*** Opening THE INPUT ***
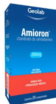
6611-Amioron 200mg c/20 8632-Amioron 200mg c/30 Amiodarona Referência: Atlansil
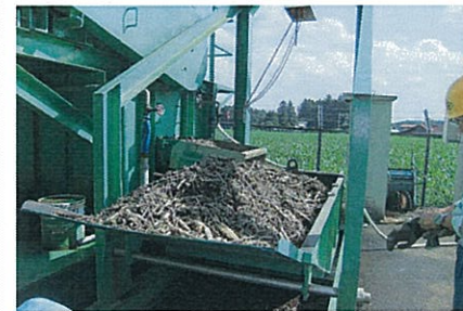
平成 24 年 7 月 19 日 那須野ヶ原発電所 水槽部除塵作業
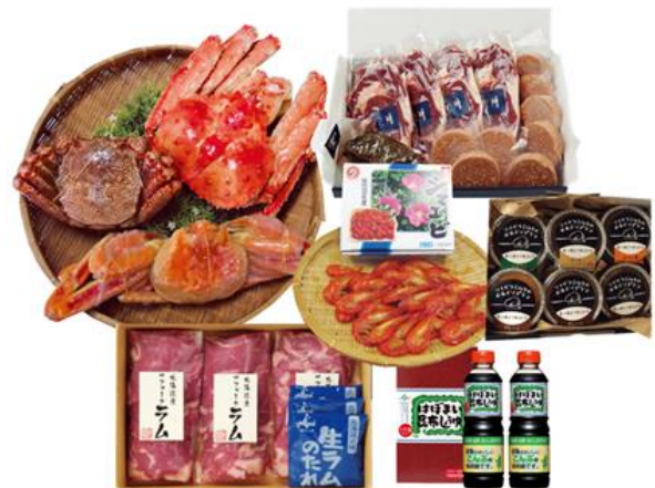
「三大ガニセット」など豪華賞品が 抽選で326名様に当たる！
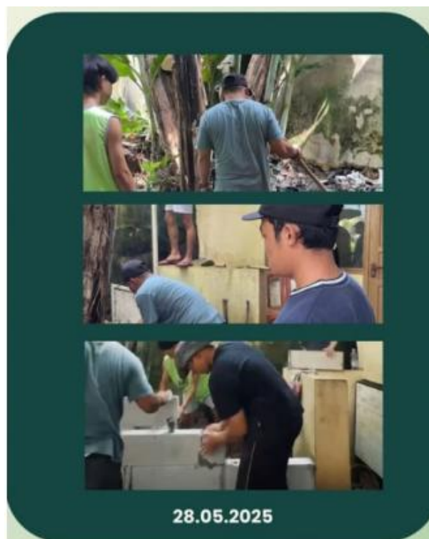
Gambar 5. pembuatan bak sampah pada kantor desa Pasirbiru dan sekitarnya
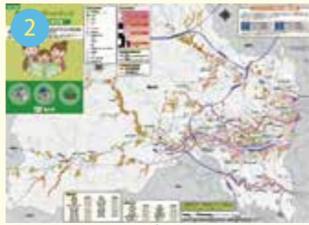
A1版風水害ハザードマップ
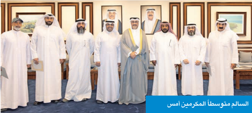
السالم متوسطاً المكرمين أمس

كرّم عاملين بـ«هيئة الغذاء» لجهودهم في ضبط الأسماك الفاسدة
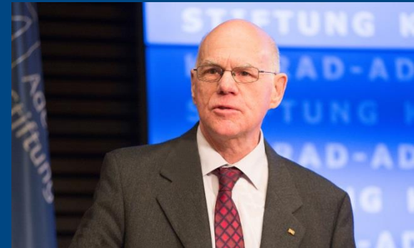
Vorsitzender: Prof. Dr. Norbert Lammert
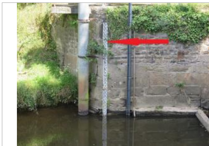
Echelle limnimétrique de la station de Saint-Jouan-de-l'Isle

Altitude calculée de l'eau (en m) : 63.35 m
*** Closing THE INPUT ***
**WHAT TO PRODUCE**
The answer must be the lines above, word for word, from the first one through the line with "Echelle limnimétrique de", pictures excluded.

**SOLVED EXERCISE**
6611-Amioron 200mg c/20 8632-Amioron 200mg c/30 Amiodarona Referência: Atlansil
平成 24 年 7 月 19 日 那須野ヶ原発電所 水槽部除塵作業
「三大ガニセット」など豪華賞品が 抽選で326名様に当たる！
Gambar 5. pembuatan bak sampah pada kantor desa Pasirbiru dan sekitarnya
A1版風水害ハザードマップ
السالم متوسطاً المكرمين أمس

كرّم عاملين بـ«هيئة الغذاء» لجهودهم في ضبط الأسماك الفاسدة
Vorsitzender: Prof. Dr. Norbert Lammert
Echelle limnimétrique de la station de Saint-Jouan-de-l'Isle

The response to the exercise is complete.